Dad was the communications officer for the 7th Fleet, aboard the flagship USS *Oklahoma City (CLG-5). I don’t remember where this took place, but an admiral visited the ship with his daughter. (I guess it was a different admiral, otherwise he would have been on this flagship.) The admiral wanted someone to escort his daughter and show her a good time while he took care of official business, so my dad was assigned to the task. He “borrowed” the Captain’s gig and took her water skiing. The admiral was impressed that his daughter was shown such a good time, so he sent a “thank you” note to the Captain. Unfortunately, the Captain was a real “by the book” type, and also a bit of a worrier. After reading the admiral’s missive he got on the PA: “Lieutenant. [L.A.], report to the bridge!” :eek: (Since dad had gotten on the admiral’s good side, he just got a stern warning “There could have been sharks out there!” and an admonition not to do it again.)
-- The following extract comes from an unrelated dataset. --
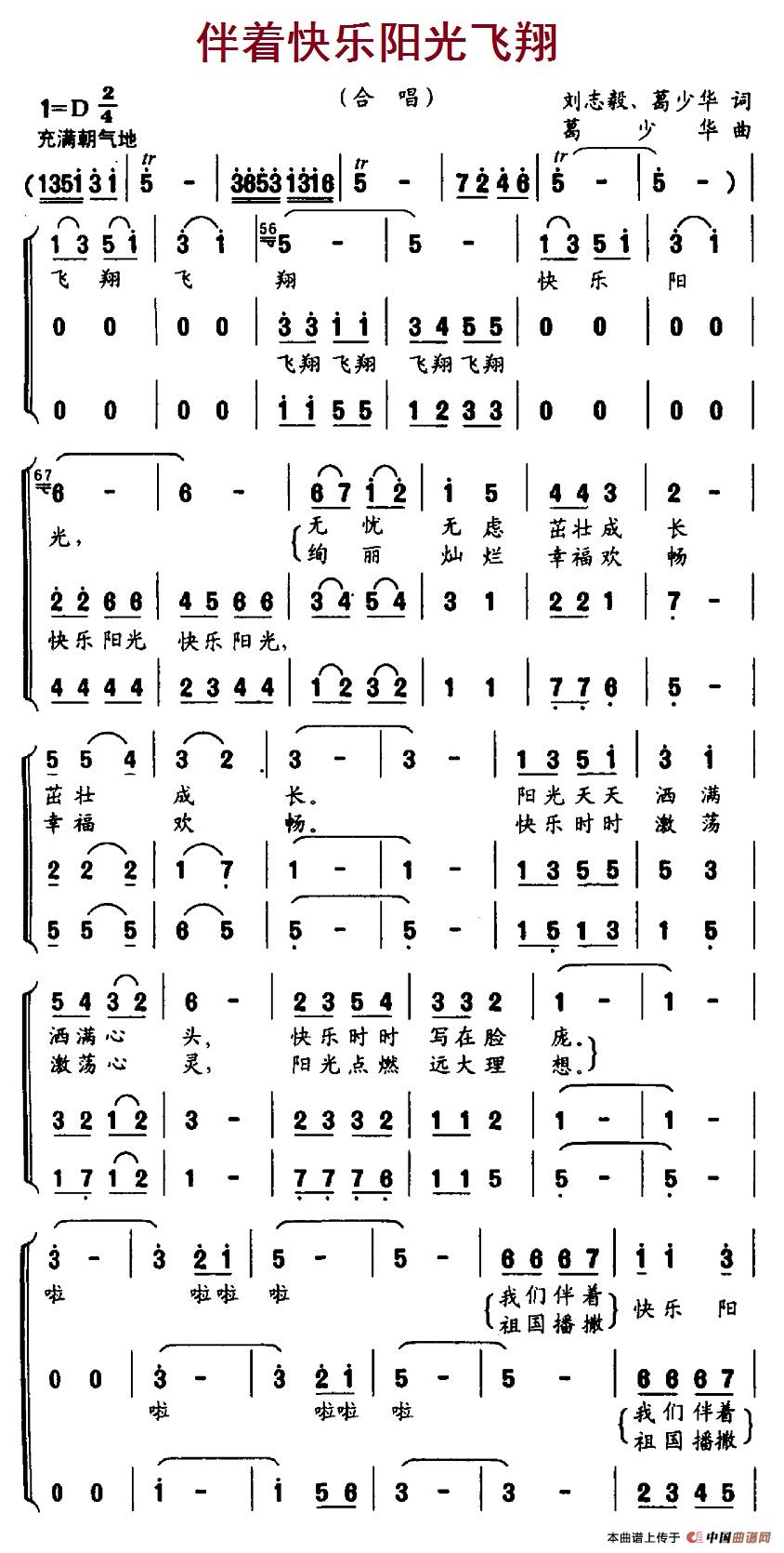 伴着快乐阳光飞翔(合唱)相关五线谱

On a more serious note, dad was Combat Aircrew in Korea on an AD-5 Skyraider AEW aircraft. The AEW aircraft were the last to land, and the aircraft before them crashed on the deck (USS Pilippine Sea, CV-47). They had to divert to the Korean mainland. They ran out of fuel on roll-out. Since they were in a fully enclosed aircraft and were not expected to shoot anything, Dad, the pilot, and the other guy were only wearing summer-weight flightsuits. When the engine quit, they lost their heater. In the Korean winter. The base was in the process of bugging out, so there was just a skeleton crew there. The aircraft had to be refuelled out of 55 gallon drums with hand pumps. The coffee must have been two days old, but it was hot. Dad said, “It was the worst cup of coffee I ever had. And the best.” After gassing up, they flew to Kimpo. I have a photo of dad and the other guys wearing fuzzy hats. The caption reads “Kimpo Detachment”. 
Thanks for the story, David Simmons. The situation sounds like a real pisser!